• Material for the task
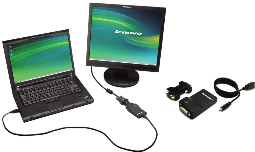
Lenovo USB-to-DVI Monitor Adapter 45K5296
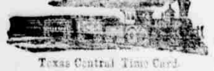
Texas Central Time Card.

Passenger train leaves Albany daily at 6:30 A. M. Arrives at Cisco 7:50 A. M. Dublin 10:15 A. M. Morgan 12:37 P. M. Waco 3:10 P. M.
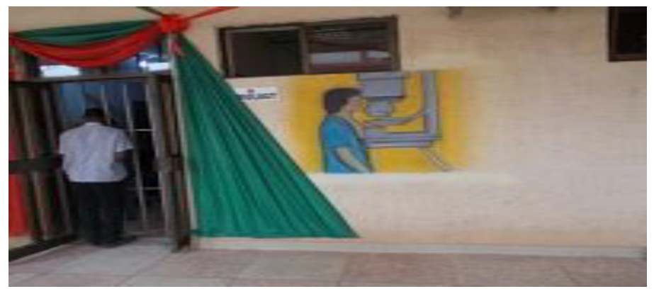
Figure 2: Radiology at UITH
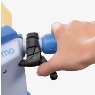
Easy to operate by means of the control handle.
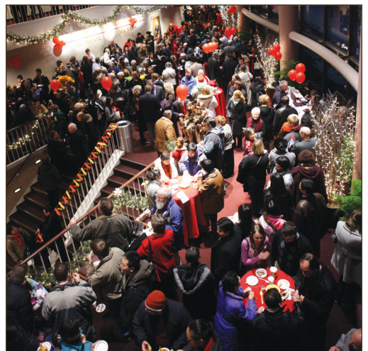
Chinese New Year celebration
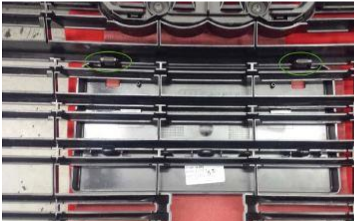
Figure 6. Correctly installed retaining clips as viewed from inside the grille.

---

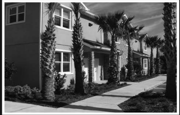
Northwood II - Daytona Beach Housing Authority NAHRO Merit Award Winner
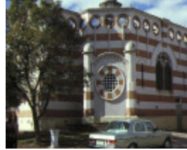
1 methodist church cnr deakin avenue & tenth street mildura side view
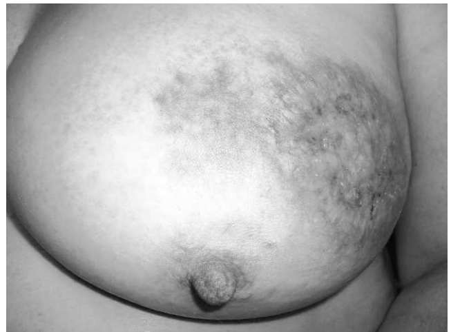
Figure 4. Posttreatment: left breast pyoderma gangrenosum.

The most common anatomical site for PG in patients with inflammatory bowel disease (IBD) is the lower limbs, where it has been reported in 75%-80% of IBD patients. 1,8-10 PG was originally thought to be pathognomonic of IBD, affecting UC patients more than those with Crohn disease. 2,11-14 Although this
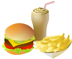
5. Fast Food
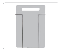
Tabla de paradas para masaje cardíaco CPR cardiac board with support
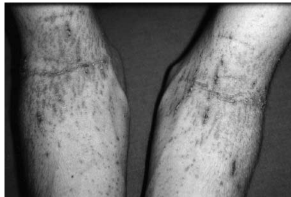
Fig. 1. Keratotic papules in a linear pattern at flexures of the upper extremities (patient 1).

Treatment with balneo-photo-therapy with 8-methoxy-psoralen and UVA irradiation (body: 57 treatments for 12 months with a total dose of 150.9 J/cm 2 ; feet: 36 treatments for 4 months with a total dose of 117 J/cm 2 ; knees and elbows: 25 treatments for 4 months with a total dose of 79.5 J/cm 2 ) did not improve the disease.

==

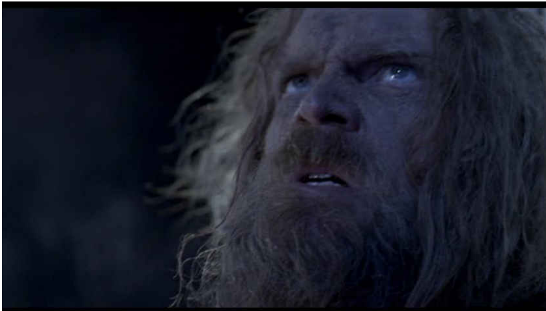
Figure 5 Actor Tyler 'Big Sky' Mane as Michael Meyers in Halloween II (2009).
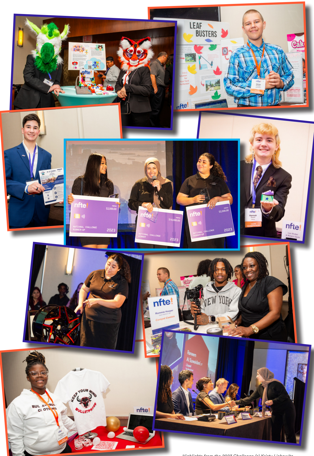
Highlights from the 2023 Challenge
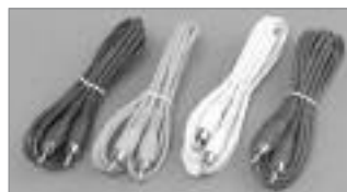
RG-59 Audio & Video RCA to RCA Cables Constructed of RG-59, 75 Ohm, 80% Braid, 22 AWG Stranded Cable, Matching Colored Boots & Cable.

• What to produce
Go through the lines above. Select every one that has the string "Figure".

• Result of this task
Figure 2: Radiology at UITH
Figure 6. Correctly installed retaining clips as viewed from inside the grille.
Figure 4. Posttreatment: left breast pyoderma gangrenosum.
Figure 5 Actor Tyler 'Big Sky' Mane as Michael Meyers in Halloween II (2009).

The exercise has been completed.